Can the maximum single sell profit by divide and conquer be O(n)?

Question

The single sell profit problem is:

Given a list of prices on each day, find the maximum profit that could have been made by buying on one of the days and selling on a later day.

There is a solution with a single scan that is easy to implement and runs in $O(n)$. This question is not about that. It's about the divide-and-conquer solution.

I've read twice that the divide-and-conquer solution to this problem is $O(n \log n)$: once when this problem is discussed in Elements of Programming Interviews in Python by Aziz, Lee and Prakash (it's problem 5.6), and once in these PDF lecture notes by Kevin Zatloukal of UW (page 23). Both these sources say the divide and conquer solution is slower than a simple scan.

Neither source presents an implementation (it's not the best approach, so fair enough), and the descriptions are a little terse, but reading between the lines they seem to describe a simple divide-and-conquer down to a base case of a single element, whether the merged result is the maximum of the best trade in the two subproblems and the maximum price in the right minus the maximum price in the left.

Here's that in Python

def best_trade(prices: List[int]) -> int:
    if len(prices) < 2:
        return 0
    else:
        best_left = best_trade_2(prices[: len(prices) // 2])
        best_right = best_trade_2(prices[len(prices) // 2 :])
        return max(
            best_left,
            best_right,
            max(prices[len(prices) // 2 :]) - min(prices[: len(prices) // 2]),
        )

The running time of this for a problem of size $n$, $T(n) = 2 T(n/2) + O(n)$ because the max/min call outside the recursion are O(n). By the Master Method analysis this means the algorithm has time complexity $O(n \log n)$ ($a = 2$, $b = 2$, $d = 1$ so we're in the $a = b^d$ case where the complexity is $O(n^d \log n)$).
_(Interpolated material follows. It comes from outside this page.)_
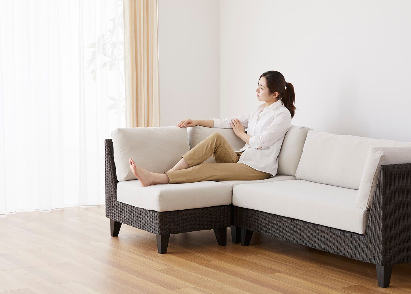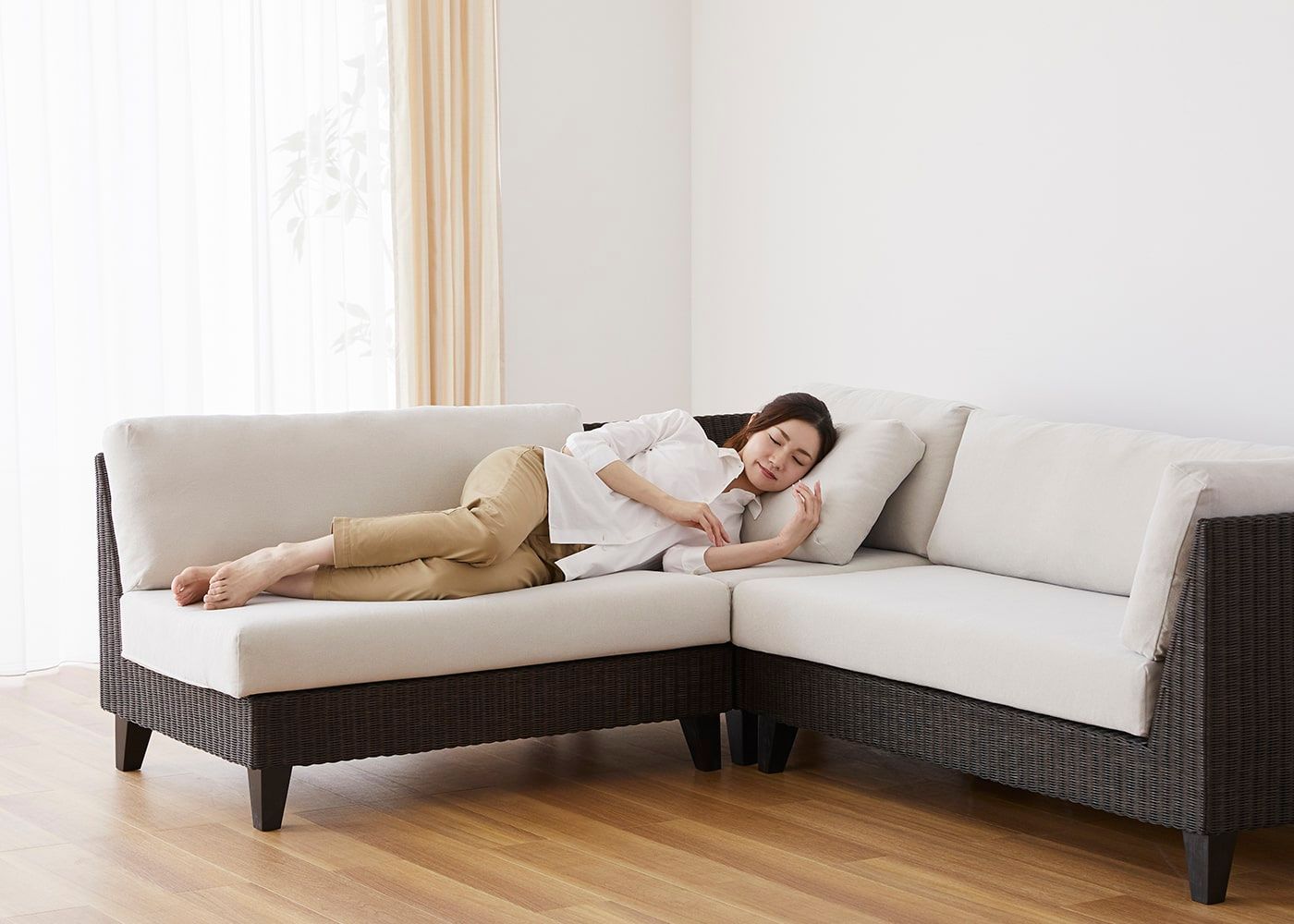 サイドクッションを枕にして、横になることもできます。日中のちょっとした休憩や昼寝にも最適で、心地よいひとときを提供します。(写真はコーナーソファセット 2P左アーム+2Pベンチ。モデルは身長167cmの女性)

My question is: can this problem be solved by divide-and-conquer in $O(n)$?

Answer 1

Answering my own question, yes! The trick is to do the work to compute the max and min of the sublists in the divide-and-conquer recursion rather than when merging the results.

To do this, you need an inner function that returns not just the best trade in a subproblem, but also it's min and max. The combine step is then $O(1)$ rather than $O(n)$.
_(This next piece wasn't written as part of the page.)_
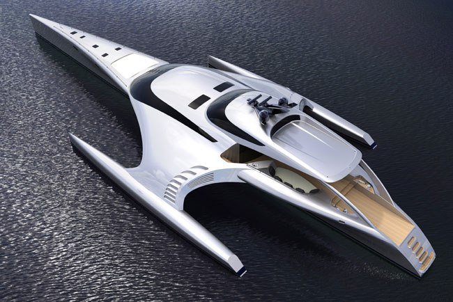 Los diseñadores, conjuntamente con los propietarios, trabajaron en un diseño que uniera el requisito de poder  realizar viajes oceánicos a la velocidad de un trimarán de carreras, como el “Earthrace” o el “ Cable and Wireless”, pero en un buque suficientemente estable para asegurar la comodidad de los pasajeros en todo momento, a la par que eficiente, para utilizar la mínima cantidad de combustible posible, y siempre rodeados del ambiente de confort y estilo típico de un yate de su clase y tamaño.

Here's what that looks like:

def best_trade(prices: List[int]) -> int:
    """
    Divide-and-conquer in O(n).
    """
    def f(start: int, end: int) -> Tuple[int, int, int]:
        if start == end:
            return 0, prices[start], prices[start]
        else:
            best_left, min_left, max_left = f(
                start,
                start + (end - start) // 2,
            )
            best_right, min_right, max_right = f(
                start + (end - start) // 2 + 1,
                end,
            )
            return (
                max(best_left, best_right, max_right - min_left),
                min(min_left, min_right),
                max(max_left, max_right),
            )

    # `else 0` for the corner case where prices = []
    return f(0, len(prices) - 1)[0] if prices else 0

Note that the inner function passes the start and end index of the subproblem down the stack, rather than taking slices, because taking slices is $O(k)$, where $k$ is the length of the slice. By passing pointers we keep the work done outside the recursion to $O(1)$.

With this implementation, $T(n) = 2 T(n/2) + O(1)$ which implies this divide-and-conquer algorithm is $O(n)$.

The general pattern here is to do more work (or return more information) than is strictly necessary in the recursion to reduce the work outside the recursion. In this case, the "extra" work done inside the recursion is trivial, so the running time is significantly reduced, at the cost of a slightly less legible bit of code.

One final point: of course the single scan solution is also $O(n)$ and significantly simpler than either divide-and-conquer solution:

def best_trade(prices: List[int]) -> int:
    """
    Single scan in O(n).
    """
    if not prices:
        return 0
    lowest = prices[0]
    best = 0
    for p in prices:
        lowest = min(p, lowest)
        best = max(best, p - lowest)
    return best